Essa ordem seria definida pela memória. O caos, aqui, está na destruição, no rompimento, da memória. Essa destruição da memória está na raiz das desestruturações impostas às organizações. Modelos, como as reengenharias, buscam apagar essa ordem, digamos histórica, e substituí-la por uma nova ordem produtiva e associativa. Só que os fracassos de suas implementações mais destróem os antigos códigos ordenadores do que constróem o novo. Mais recentemente, as organizações passam a ser descritas como organismos vivos, que nascem, crescem, interagem e morrem, num ciclo próximo do biológico.
Essa visão do organismo vivo nos remete ao aforisma de Schroedinger, de que a vida se alimenta de entropia negativa, ou seja, de que os organismos vivos buscam criar pequenas ilhas de ordem em seu interior às expensas de um aumento de desordem em outros lados. A vida depende, portanto, de um processo ordenador, da luta contra a tendência natural para o caos. A evolução é, em si, um processo ordenador. Segundo Rappoport (1976), as grandes mudanças estruturais, fisiológicas e comportamentais são possíveis porque as estruturas, a fisiologia e as pautas de comportamento se organizam sempre em conjuntos e isso acaba por intervir na produção do caos a partir da ordem e da ordem a partir do caos. A capacidade de reconhecimento da ordem parece ser, portanto, um aspecto essencial da mente (Capra, 1992:89). Segundo o físico David Bohm (1980), a ordem é inerente à teia cósmica de relações em um nível mais profundo, não manifesto.
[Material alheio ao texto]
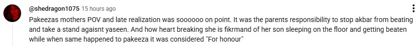 Aliya’s understanding of the committed crimes deciphers that society holds a bias towards their sons, who then have the liberty to commit an offense and get away with it. The depth of the conversation traces the drama serial’s primary idea: the woman is held accountable for the crime committed against her, while society mourns when a man is ultimately held accountable. The invested Aik Aur Pakeezah believes it to be the crux of the drama serial; a user posted on X and said: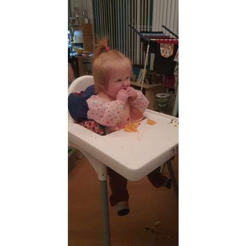 Ik pel de mandarijn en haal de witte draadjes eraf. Doe 'm doormidden en geef hem. Ze haalt zelf de partjes eraf zuigt deze vakkundig leeg en gooit de vliesjes er weer uit. Zo doet ze dat ook met druiven en tomaten. Ze is duidelijk geen fan van velletjes 🤣🤣

Ele descreve o fenômeno como um holograma, em que que cada parte, num certo sentido, contém o todo. Essa visão faz com que transcendamos a metáfora do mundo e das organizações como máquina. Enterra--se, aqui, a visão cartesiana mecanicista do mundo. Daí perguntamos, enterra-se também o modelo mecanicista de administrar e de atribuir signos e símbolos às organizações?
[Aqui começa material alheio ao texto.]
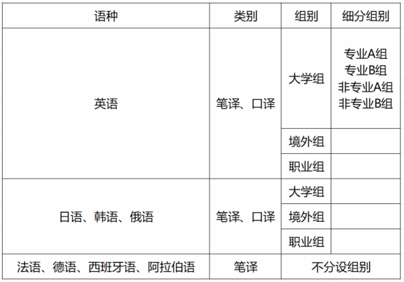 3、法语、德语、西班牙语、阿拉伯语不分设组别。

De início, é possível afirmar que fica obsoleto o discurso que contribuiu para criar o que Etizioni denominou "quadro irreal de felicidade": a simbolização da organização como uma família ideal, onde não havia a luta de poder entre grupos com valores e interesses conflitantes. E mais, desmorona a argumentação, vendida pelos comunicados organizacionais, de que a organização era o único espaço em que o indivíduo poderia crescer, a única referência, o único ponto de apoio.
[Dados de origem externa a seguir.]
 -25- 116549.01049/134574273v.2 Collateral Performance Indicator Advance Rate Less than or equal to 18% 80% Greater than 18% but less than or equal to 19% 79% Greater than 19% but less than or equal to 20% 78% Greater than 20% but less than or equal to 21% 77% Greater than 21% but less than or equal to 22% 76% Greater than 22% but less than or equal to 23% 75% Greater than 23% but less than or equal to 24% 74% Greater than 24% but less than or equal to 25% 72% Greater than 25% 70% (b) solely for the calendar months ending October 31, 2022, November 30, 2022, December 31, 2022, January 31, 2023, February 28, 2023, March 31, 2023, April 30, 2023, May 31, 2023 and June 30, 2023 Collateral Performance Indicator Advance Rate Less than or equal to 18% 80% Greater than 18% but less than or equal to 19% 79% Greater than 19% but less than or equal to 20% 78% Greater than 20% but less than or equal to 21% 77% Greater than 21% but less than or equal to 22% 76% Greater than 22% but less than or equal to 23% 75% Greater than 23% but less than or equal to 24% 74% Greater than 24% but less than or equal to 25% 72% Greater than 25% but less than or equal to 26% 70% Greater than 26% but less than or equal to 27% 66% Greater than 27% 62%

Também desmorona o antigo monopólio do controle da informação por parte dos altos escalões hirárquicos e, por conseqüência, também por parte dos profissionais de comunicação. Aliás, a circulação de informações vem sendo apontada como o grande salto oferecido pelas novas tecnologias, como as intranets, pois oferece a oportunidade de romper com os antigos feudos, ou ilhas de informação (Holtz, 1996). Isso vem contribuir para derrubar a mentalidade tradicional de que a competência deve ser medida pelo número de informaçöes úteis que o indíviduo ou o grupo detêm. Outra mudança por que necessariamente passarão as organizações é a da substituição da filosofia gerencial da racionalidade econômica e do controle. Como vimos, as alterações na ordem oferecidas pelas novas tecnologias esbarram numa cultura administrativa de exercício do poder a partir do controle da informação e dos atos das pessoas.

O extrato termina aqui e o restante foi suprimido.